Cross sectional survey.


England, 1998.


Nationally representative sample of 13 586 adults (aged >/=16 years) living in non-institutional households.


Mean blood concentrations of total cholesterol and high density lipoprotein (HDL) cholesterol, and the ratio of total cholesterol to HDL cholesterol, in participants classified by age and sex; prevalence of raised total cholesterol concentrations and increased ratio of total to HDL cholesterol; prevalence of use of lipid lowering agents and the lipid concentrations of people taking them.


Mean total cholesterol concentrations were 5.47 (SE 0. 02) mmol/l in men and 5.59 (0.02) mmol/l in women. Mean HDL cholesterol concentrations were 1.28 (0.01) mmol/l in men and 1.55 (0.01) mmol/l in women. Overall, of 10 569 adults who had a valid cholesterol measurement taken 7133 (67.5%; 95% confidence interval 66.5% to 68.4%) had a total cholesterol concentration >/=5 mmol/l, 2804 (26.5%; 25.7% to 27.4%) had a ratio of total cholesterol to HDL cholesterol >/=5 mmol/l, and 237 (2.2%; 1.9% to 2.5%) reported taking lipid lowering drugs. Of 117 participants with no history of cardiovascular disease but whose estimated 10 year risk of coronary heart disease was >/=30% and whose total cholesterol concentration was >/=5 mmol/l, four (3%) were taking lipid lowering drugs. Of 385 adults aged 16-75 with a history of coronary heart disease and eligible for lipid lowering treatment, 114 (30%; 25% to 34%) were taking lipid lowering drugs, of whom only 50 (44%; 35% to 53%) had a total cholesterol concentration <5 mmol/l.

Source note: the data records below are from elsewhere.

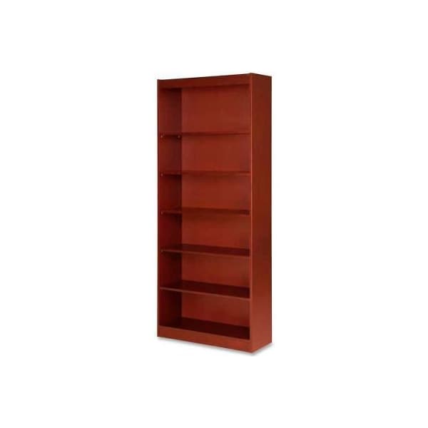 Lorell 7-shelf panel end hardwood veneer bookcase, 36"w x 12"d x 84"h, cherry high-quality, veneer bookcase features a vintage square design. Solid, 3/4" thick shelves are adjustable on 1-3/4" centers with pinhole attachments, except for bottom shelf. 7-shelf bookcase has a laminated finish on the back's interior and an unfinished back side. Six shelves are adjustable, and the bottom shelf is fixed. Each shelf holds up to 110 lb.
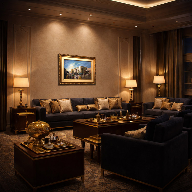 “Gateway to the Past – Macca Gate 1856” seamlessly blends history with contemporary artistic style, making it a striking addition to modern interiors seeking meaning, culture, and elegance. Whether displayed in a living room, office, study, or prayer area, the painting creates a powerful atmosphere, serving as a reminder of heritage, faith, and the beauty of Islamic history. Its balanced composition and timeless subject matter make it suitable for both minimal and traditional décor themes.
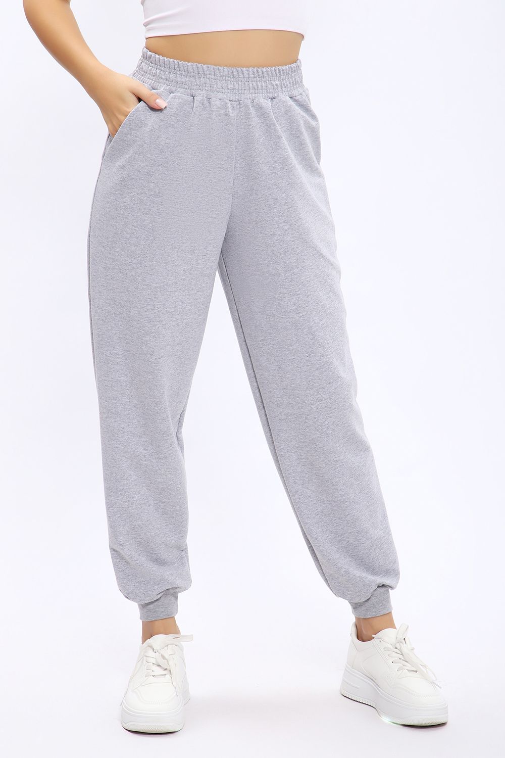 Женские брюки уже давно отличаются не только стилем и красотой, но и комфортом. Удобные не сковывающие движения элементы позволяют создавать модные образы. И это та самая модель - брюки джоггеры из футера 2-х нитки с высокой линией талии, которые идеально сядут на любой тип фигуры. Брюки такого плана заняли достойную позицию в гардеробе модниц благодаря своему оригинальному, и в то же время удобному крою. Внешний вид представляет собой свободные брюки сужающиеся к низу. Их отличительной чертой является пояс-резинка, обработанный на специализированной машине, и эластичные манжеты по низу брюк. Так же у модели имеются боковые карманы, в которых помещается всё самое необходимое. Удобство таких брюк неоспоримо, ведь резинка не пережимает тело и предоставляет свободу движений. В повседневной жизни за счёт своей универсальности брюки подойдут на любой повод - на работу, в школу, на прогулку, на тренировку... С брюками такого плана можно создавать спортивные образы и образы в направлении casual. Длинные майки, широкие свитера, другие элементы одежды oversize прекрасно дополнят эту модель. Не бойтесь добавлять аксессуары, они способны изменить образ до неузнаваемости и сделать брюки такого плана любимой вещью Вашего гардероба на любой случай жизни!
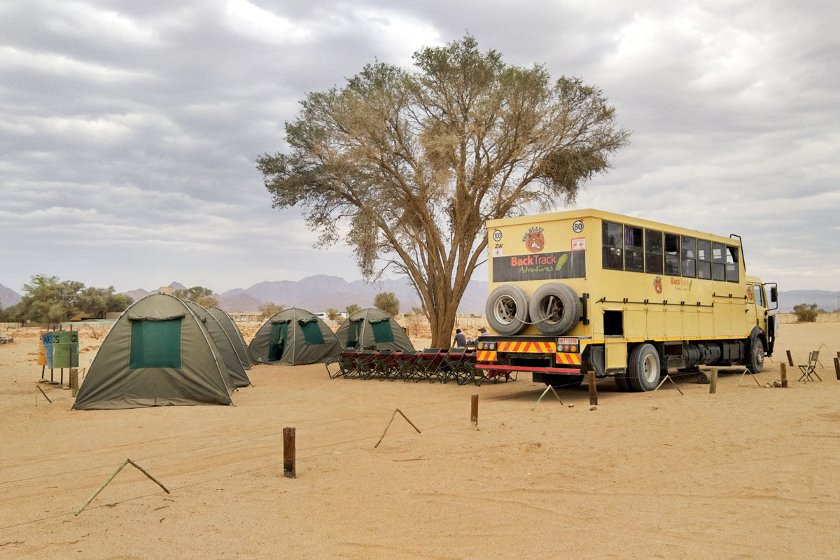 朝食後、出発。南回帰線とキュイセップ渓谷を通過し、ナミブ砂漠の砂丘地帯への入り口、セスリエムへ。到着後、テント設営。
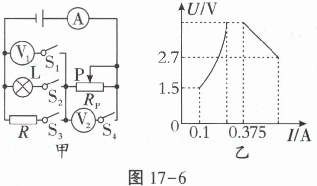 8.(2024 重庆八中期中)如图甲所示,电源电压保持不变,滑动变阻器Rₚ标有“60Ω 1A”字样,电流表的量程为0~0.6A,电压表的量程均为0~15V。先闭合开关$S_1、$$S_2,$断开开关$S_3、$$S_4,$在保障电路元件安全的情况下,将滑动变阻器的滑片P从最右端滑动到m点,灯泡L恰好正常发光;再断开开关$S_1、$$S_2,$闭合开关$S_3、$$S_4,$将滑动变阻器的滑片P从m点向左移动到最大程度。如图乙所示是两次调节过程中电流表与电压表示数变化关系图像,则下列说法错误的是(
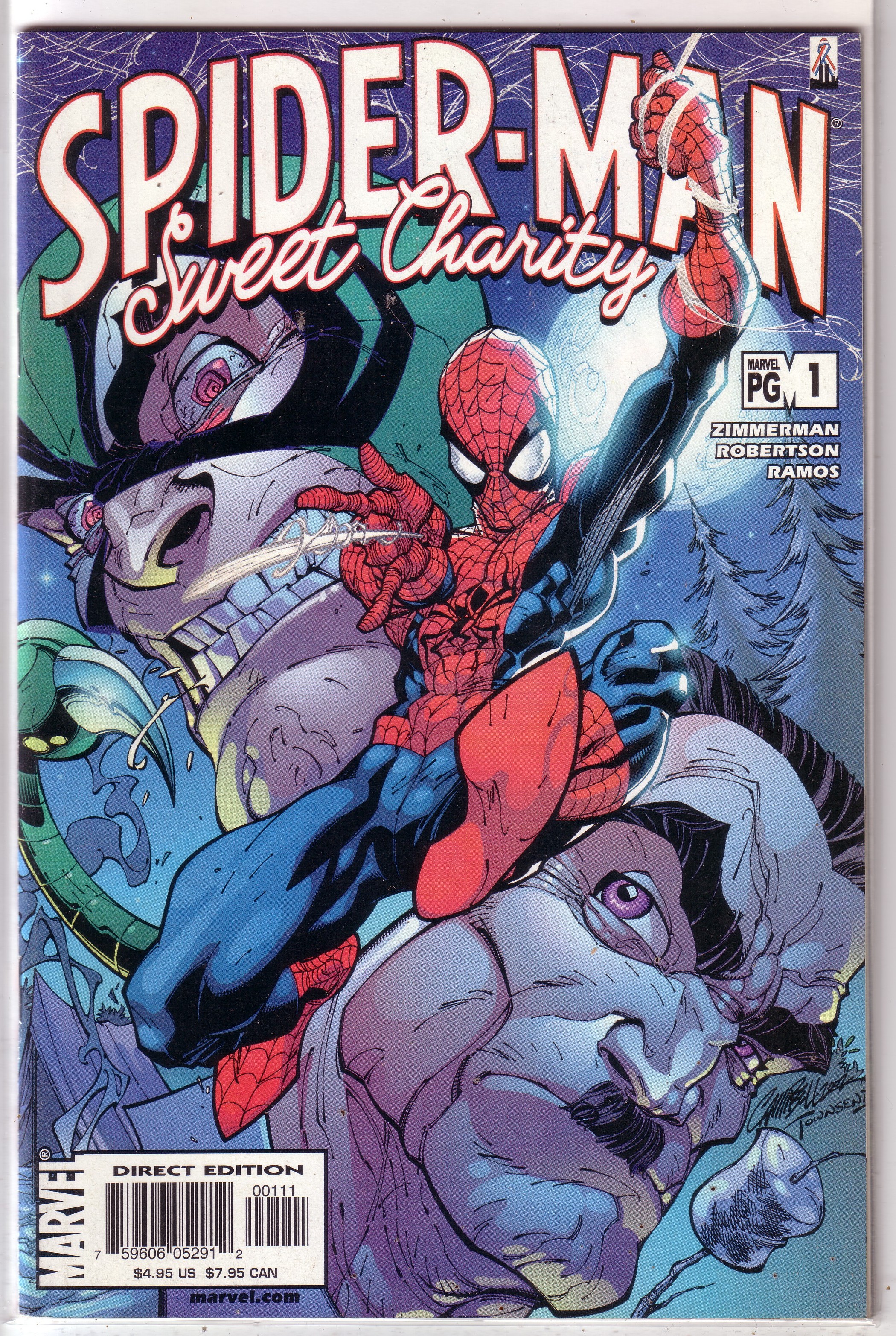 modern age Spiderman Spider Man super-hero comic book Spider-Man: Sweet Charity Vol 1 1 Spider-Man: Sweet Charity #1 Publisher: Marvel Comics Rating: PG Format: direct, 48 pages, one-shot Writer: Ron Zimmerman ... Read More
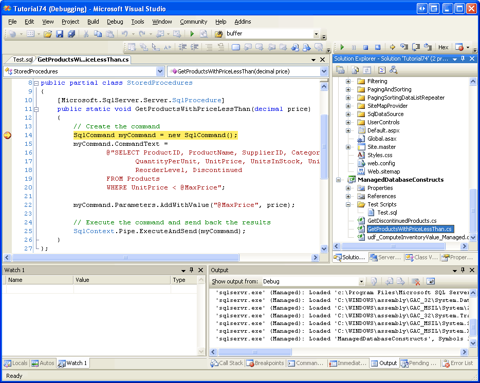 Microsoft SQL Server 2005 ist in die .NET Common Language Runtime integriert, damit Entwickler Datenbankobjekte über verwalteten Code erstellen können. In diesem Lernprogramm wird gezeigt, wie Sie verwaltete gespeicherte Prozeduren und verwaltete benutzerdefinierte Funktionen mit Ihrem Visual Basic- oder C#-Code erstellen. Außerdem erfahren Sie, wie Sie mit diesen Editionen von Visual Studio solche verwalteten Datenbankobjekte debuggen können.
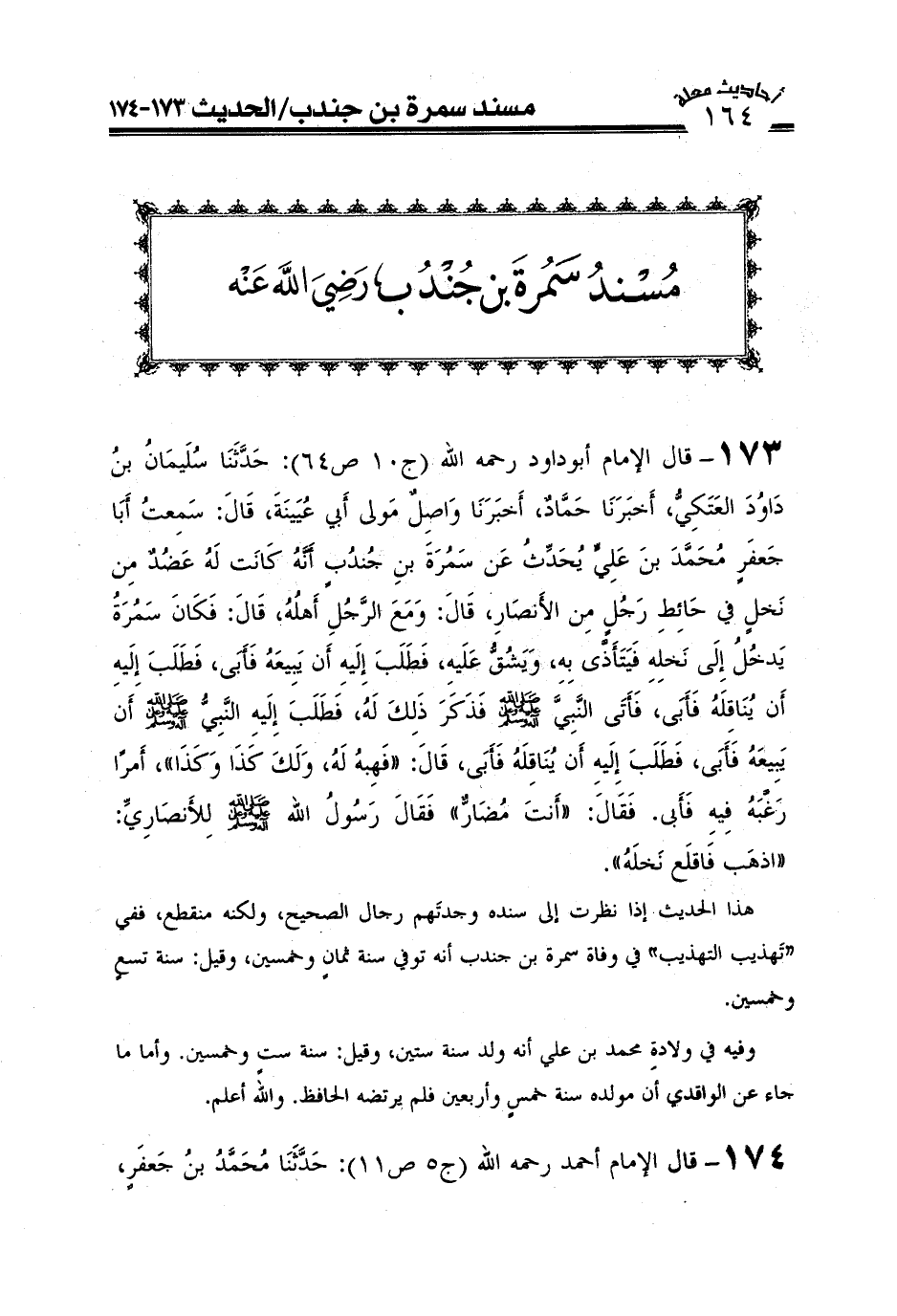 173-قال الإمام أبو داود رحمه الله (ج10ص64) : حَدَّثَنَا سُلَيْمَانُ بْنُ دَاوُدَ الْعَتَكِيُّ حَدَّثَنَا حَمَّادٌ حَدَّثَنَا وَاصِلٌ مَوْلَى أَبِي عُيَيْنَةَ قَالَ سَمِعْتُ أَبَا جَعْفَرٍ مُحَمَّدَ بْنَ عَلِيٍّ يُحَدِّثُ عَنْ سَمُرَةَ بْنِ جُنْدُبٍ: أَنَّهُ كَانَتْ لَهُ عَضُدٌ مِنْ نَخْلٍ فِي حَائِطِ رَجُلٍ مِنْ الْأَنْصَارِ قَالَ وَمَعَ الرَّجُلِ أَهْلُهُ قَالَ فَكَانَ سَمُرَةُ يَدْخُلُ إِلَى نَخْلِهِ فَيَتَأَذَّى بِهِ وَيَشُقُّ عَلَيْهِ فَطَلَبَ إِلَيْهِ أَنْ يَبِيعَهُ فَأَبَى فَطَلَبَ إِلَيْهِ أَنْ يُنَاقِلَهُ فَأَبَى فَأَتَى النَّبِيَّ صَلَّى اللَّهُ عَلَيْهِ وعلى آله وَسَلَّمَ فَذَكَرَ ذَلِكَ لَهُ فَطَلَبَ إِلَيْهِ النَّبِيُّ صَلَّى اللَّهُ عَلَيْهِ وعلى آله وَسَلَّمَ أَنْ يَبِيعَهُ فَأَبَى فَطَلَبَ إِلَيْهِ أَنْ يُنَاقِلَهُ فَأَبَى قَالَ فَهِبْهُ لَهُ وَلَكَ كَذَا وَكَذَا أَمْرًا رَغَّبَهُ فِيهِ فَأَبَى فَقَالَ أَنْتَ مُضَارٌّ فَقَالَ رَسُولُ اللَّهِ صَلَّى اللَّهُ عَلَيْهِ وعلى آله وَسَلَّمَ (لِلْأَنْصَارِيِّ اذْهَبْ فَاقْلَعْ نَخْلَهُ) .
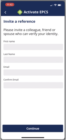 The reference will need to verify your identity as a prescriber who is authorized to prescribe controlled substances before you are able to electronically prescribe controlled substances.
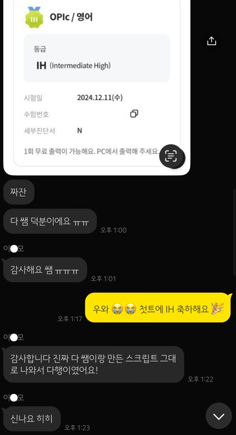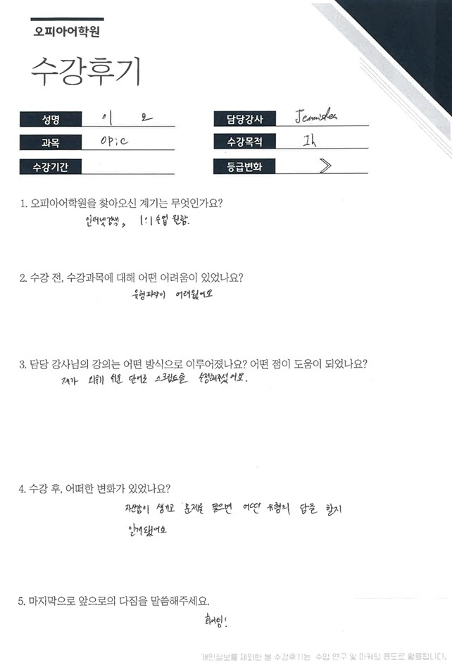 오피아어학원 분당점 #Jennifer 강사님께 #오픽을 수강하신 이*모님의 수강후기입니다.
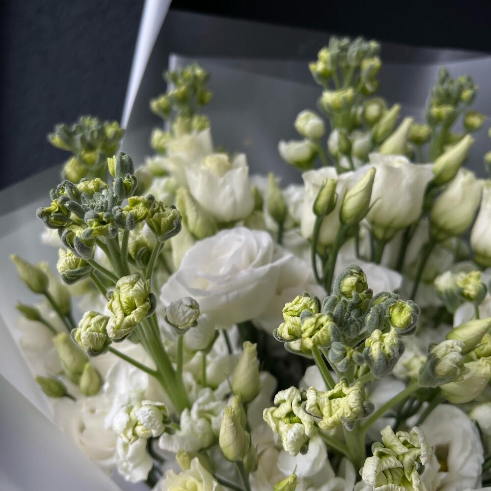 Маттиола – 10 шт.Лизиантус – 9 шт.декоративная упаковка – 1 шт.Атласная лента – 1 шт.

Despite the high prevalence of dyslipidaemia in English adults, the proportion of adults taking lipid lowering drugs in 1998 was only 2.2%. Rates of treatment were low among high risk patients eligible for primary prevention with lipid lowering drugs, and less than one third of patients with established cardiovascular disease received such treatment.